O processo mobilizou votações se contribuições de forma online ao longo do ano e no encontro presencial durante a Cúpula. A partir do texto-base, as pessoas presentes puderam se inscrever para falas propositivas. O Wiki Movimento Brasil integrou o eixo de Reforma da Governança Global, defendendo a promoção de projetos de interesse público e das infraestruturas públicas digitais, como softwares livres, para ampliar as possibilidades de participação social efetiva.
“Nós devemos nos comprometer com a disseminação em escala de modelos de bens públicos digitais, que não apenas viabilizam o acesso livre ao conhecimento, como também são indutores de uma transformação social inclusiva, direcionando o desenvolvimento tecnológico para o bem comum”, afirmou a gestora de comunicação do WMB.
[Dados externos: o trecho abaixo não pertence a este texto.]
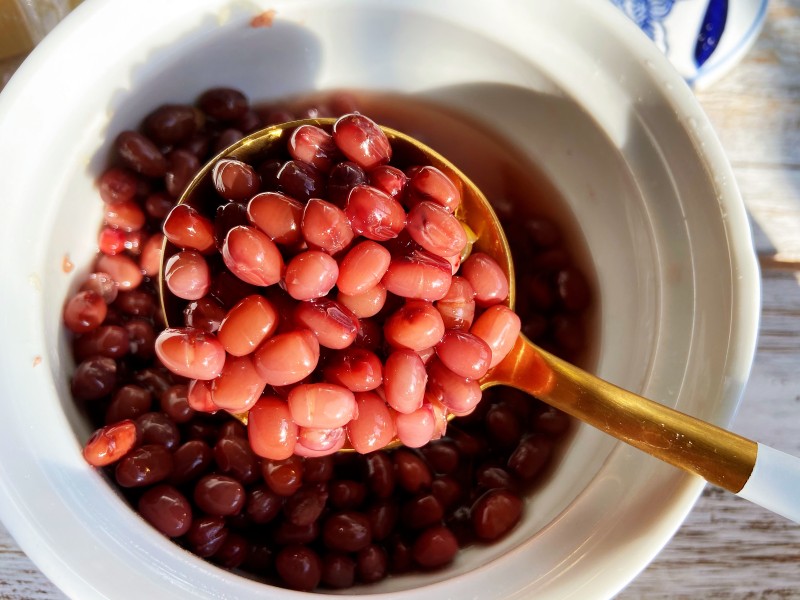 1:首先红豆一定要用水浸泡一晚,也就是12小时以上,夏天比较热可以放冰箱冷藏浸泡。

O coordenador geral de articulação da participação da Secretaria Nacional de Participação Social, Ronald Ferreira, destacou as contribuições de diferentes movimentos na construção em torno de ideias-forças sobre as questões centrais do atual contexto global. “Tivemos sensacionais contribuições sobre a necessidade de ter expresso na pauta da governança global a incorporação da democracia participativa e todos os instrumentos e ferramentas que possam ampliar a participação social, com ambientes livres e a questão do acesso à informação”, relatou. “Caminhamos no sentido de como possibilitar à sociedade participar de forma efetiva dos processos decisórios, transformando aquilo que é consenso dos diferentes setores da sociedade em capacidade política de interferir na realidade e mudar o curso das coisas.”